Original title: candle Education: AI programmers how to get a lot of open source data for practical exercises

 Many big data, machine learning, artificial intelligence beginners need a lot of data to go to practice, because never before had contact with the depth of related fields, it is difficult to find a suitable training data, today the candle teacher education gave you recommend a few open source data collection sites.

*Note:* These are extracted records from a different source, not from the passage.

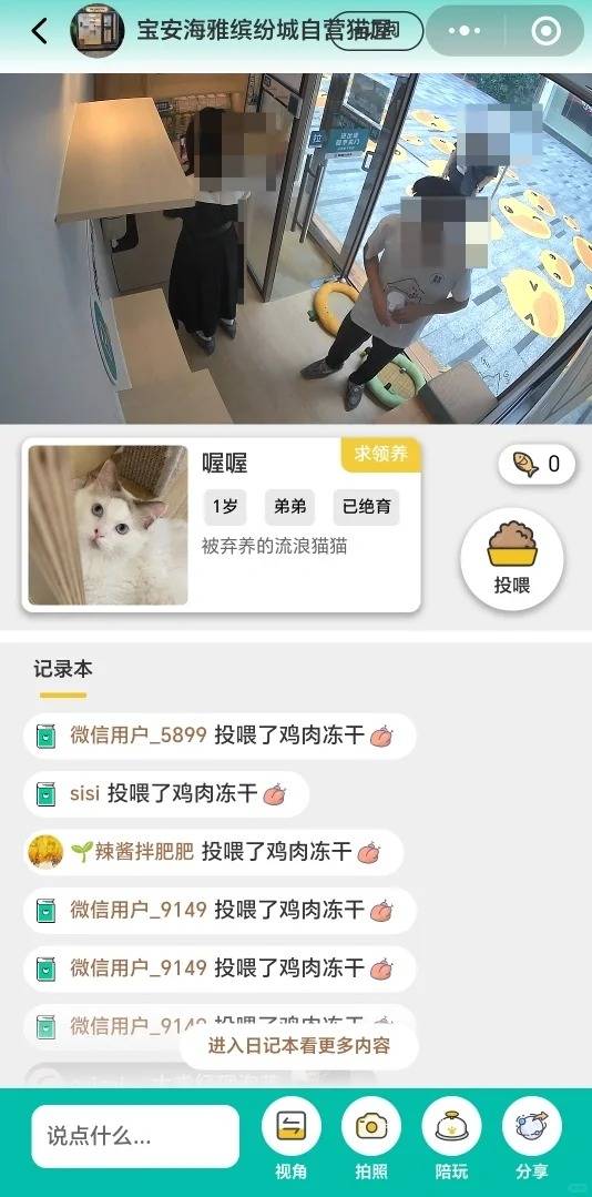 1️⃣預約擼貓:想領養的話,可以在 app 裏預約到智能站與貓貓互動,掃碼付 ¥9.9 半小時(也用於照顧貓貓的費用)。有值班人員遠程開門,每次最多容納 3 人(兒童須家長陪同)
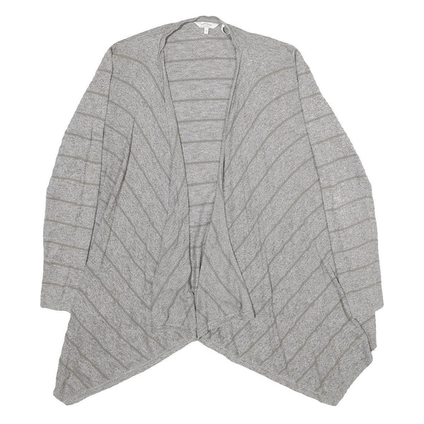 FAT FACE Womens Grey Striped Plain Open Front Jumper UK 14 Cotton Blend
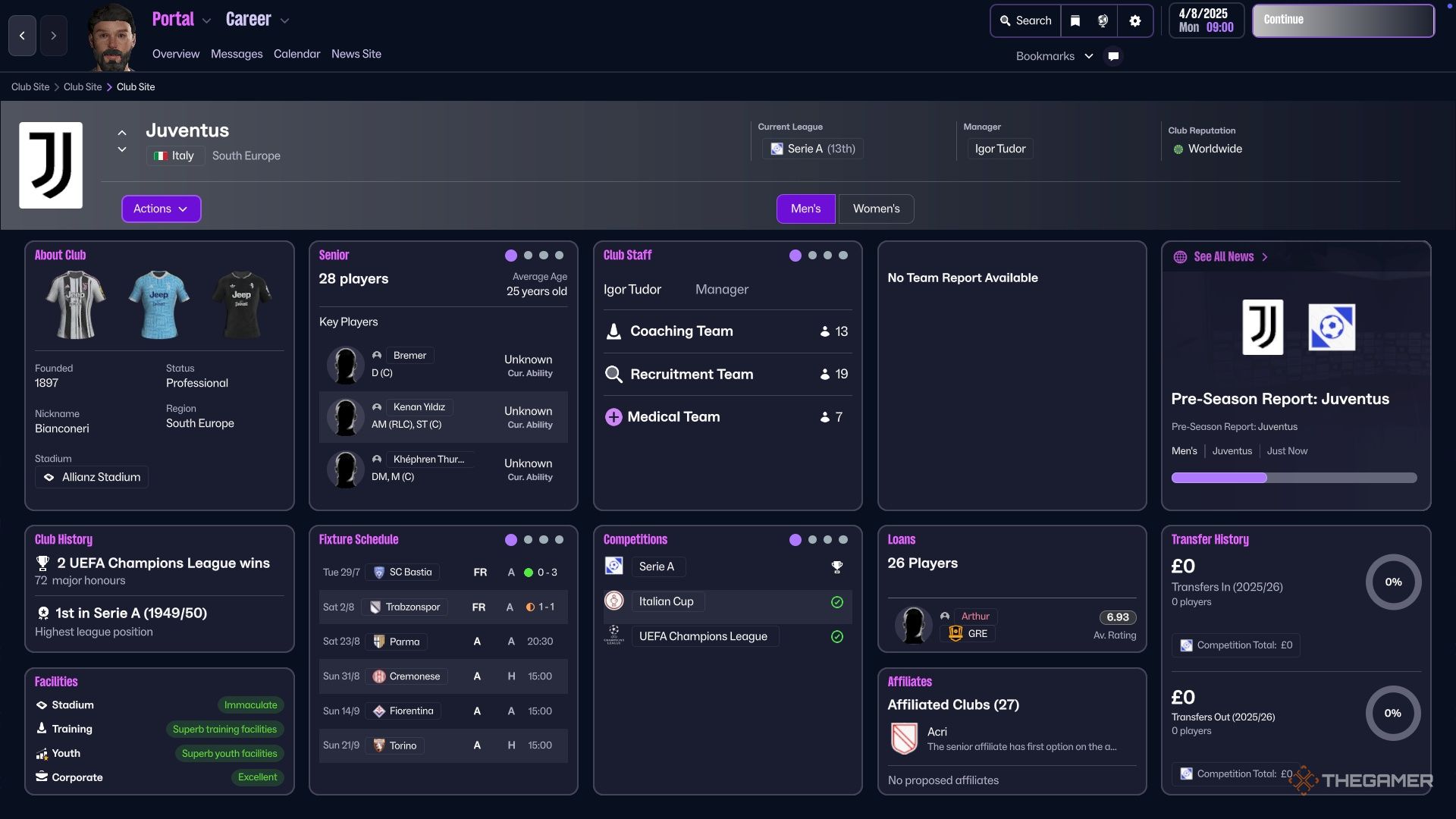 На протяжении почти десятилетия, начиная с 2010-х годов, «Juventus» доминировал в итальянском футболе, выиграв девять чемпионатов подряд. В то время как «Inter», «Milan» и «Napoli» каждый завоевали титул с тех пор, «Juventus» не смог повторить этот успех. Несмотря на это, они остаются конкурентоспособной командой с перспективными игроками, такими как Kenan Yildiz и Dusan Vlahovic.

 Wax torch Education: How AI programmers get a lot of open source data for practical exercises
First, the relatively simple data collection site
Data.gov, this is the US government's open data website contains the data set from the climate, education, energy, finance and other areas of more than 190,000.
data.WorldBank.org, this is the World Bank's Open Data site that provides the world development index, education index and other broad categories of data collection. 

 Second, the large data sets website
 Amazon WebServices (AWS) datasets, Amazon offers a complete Enron e-mail, Google Booksn-gram, NASA NEX , one million songs and other data sets, you can also use on the local computer in the Amazon platform.
 Googledatasets 
Google for the majority of developers to provide some of the data sets as part of its Big Query tools, including GiHub public library and all the stories and comments of Hacker News.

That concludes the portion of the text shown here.